US-East PoP may have experienced delays with messages being written to Storage

Incident Report for PubNub

Postmortem

Problem Description, Impact, and Resolution

On Jan 11, 2021, at 20:45 UTC messages stopped being written to Storage for publishes in our US-East PoP resulting in those messages not being available in history during the incident. The delay was caused by slow database writes caused by a problem with the way deleted records are handled in the distributed data store in some scenarios.
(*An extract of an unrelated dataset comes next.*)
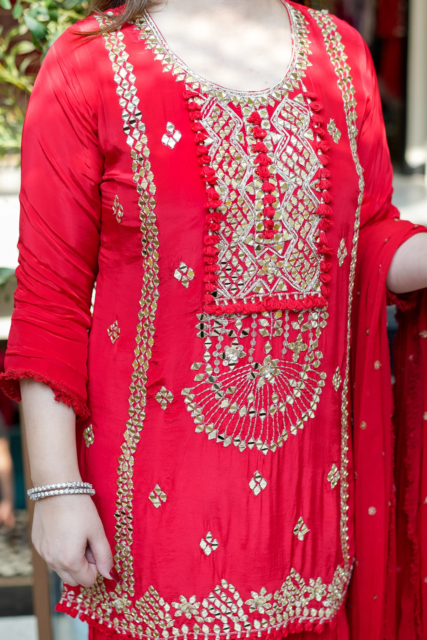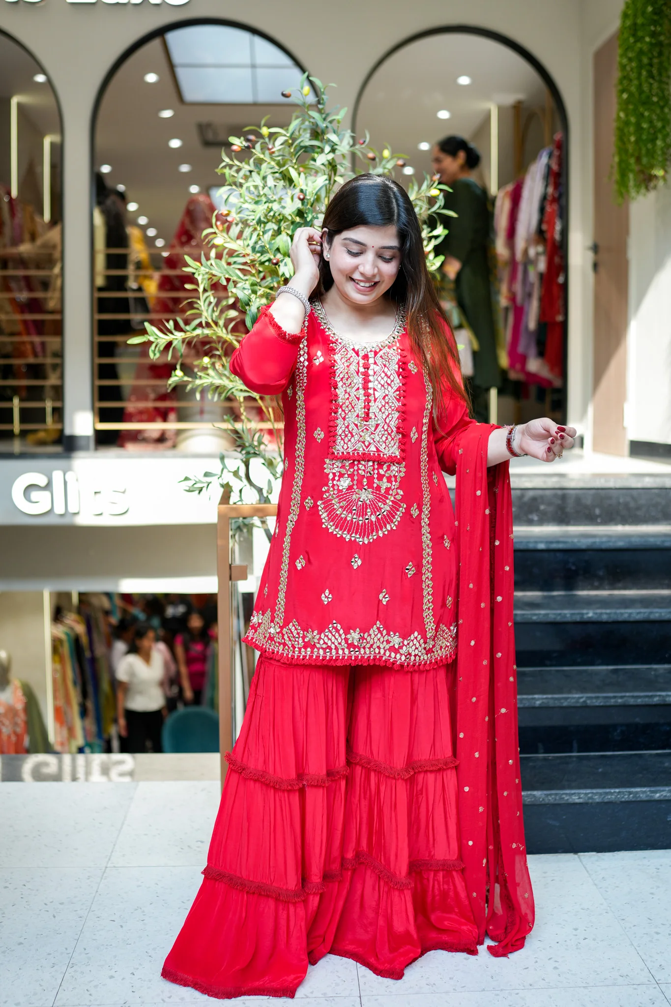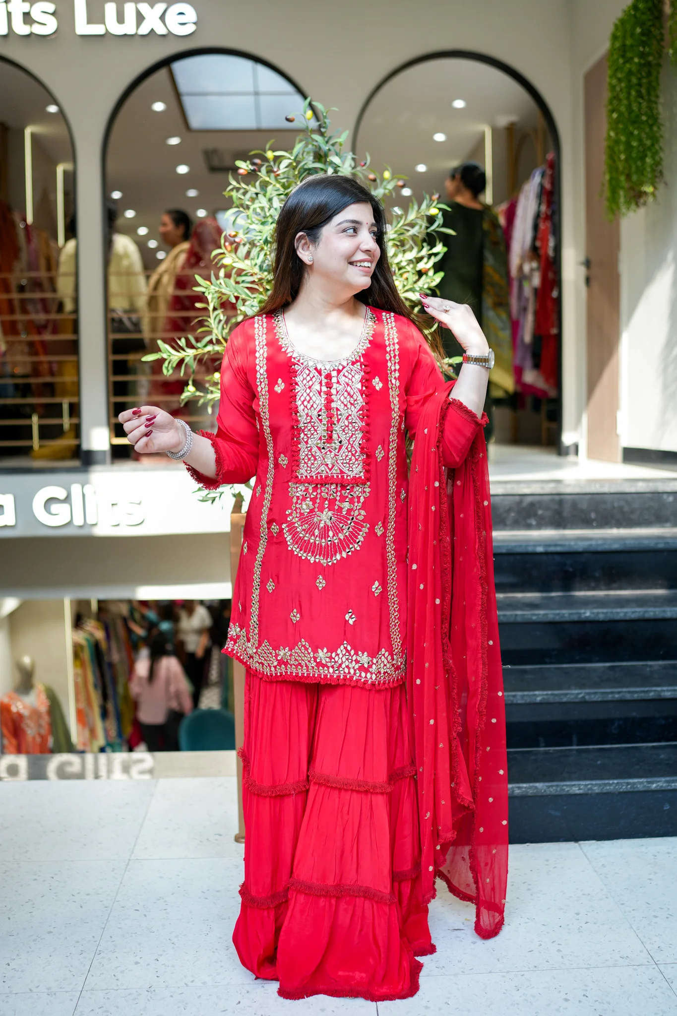 Red Vichitra Silk Thread Embroider Work Lehenga Choli

We were able to restart the process and the issue was resolved at 22:23 UTC. During the incident, Storage reads were successful for any data that persisted prior to the incident, and no data was lost, instead all messages published during the incident were queued until the writers were able to successfully catch up.
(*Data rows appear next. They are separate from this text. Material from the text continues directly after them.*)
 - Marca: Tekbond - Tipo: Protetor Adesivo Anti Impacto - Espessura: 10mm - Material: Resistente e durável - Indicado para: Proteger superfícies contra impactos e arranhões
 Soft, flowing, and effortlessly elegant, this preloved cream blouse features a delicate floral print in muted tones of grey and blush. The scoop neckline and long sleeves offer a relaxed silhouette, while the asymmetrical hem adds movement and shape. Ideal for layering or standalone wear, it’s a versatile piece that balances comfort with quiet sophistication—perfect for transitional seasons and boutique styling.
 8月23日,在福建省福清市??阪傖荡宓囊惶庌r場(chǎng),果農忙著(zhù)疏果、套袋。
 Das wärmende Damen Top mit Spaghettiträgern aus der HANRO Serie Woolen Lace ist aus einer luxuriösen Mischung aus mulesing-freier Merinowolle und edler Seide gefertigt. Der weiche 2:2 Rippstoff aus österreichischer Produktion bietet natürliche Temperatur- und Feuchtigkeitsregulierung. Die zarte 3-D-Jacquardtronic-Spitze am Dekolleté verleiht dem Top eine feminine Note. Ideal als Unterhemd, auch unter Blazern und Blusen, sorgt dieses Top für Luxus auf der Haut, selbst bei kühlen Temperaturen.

Mitigation Steps and Recommended Future Preventative Measures

We have updated the code to prevent the errors caused by deleted records in the distributed data storage.

Posted Jan 26, 2021 - 18:59 UTC

Resolved

This incident has been resolved.

Posted Jan 11, 2021 - 23:43 UTC

Monitoring

A fix has been implemented at 10:23 PM UTC and we are monitoring the results for the next 1 hour.

Posted Jan 11, 2021 - 22:30 UTC

Update

Latencies have recovered in US West, also catching up with the messages published that were written to storage.

Posted Jan 11, 2021 - 22:16 UTC

Update

We are continuing to investigate this issue and seeing elevated latencies in the US West and EU Central.

Posted Jan 11, 2021 - 22:03 UTC

Identified

The issue has been identified and we are working on a fix.

Posted Jan 11, 2021 - 21:29 UTC

Investigating

Starting around 20:44UTC (12:44 PST), customers in our US-East PoP may have experience delays between the time messages were published and the time they were written to storage.

Posted Jan 11, 2021 - 21:25 UTC

This incident affected: Points of Presence (North America Points of Presence) and Realtime Network (Storage and Playback Service).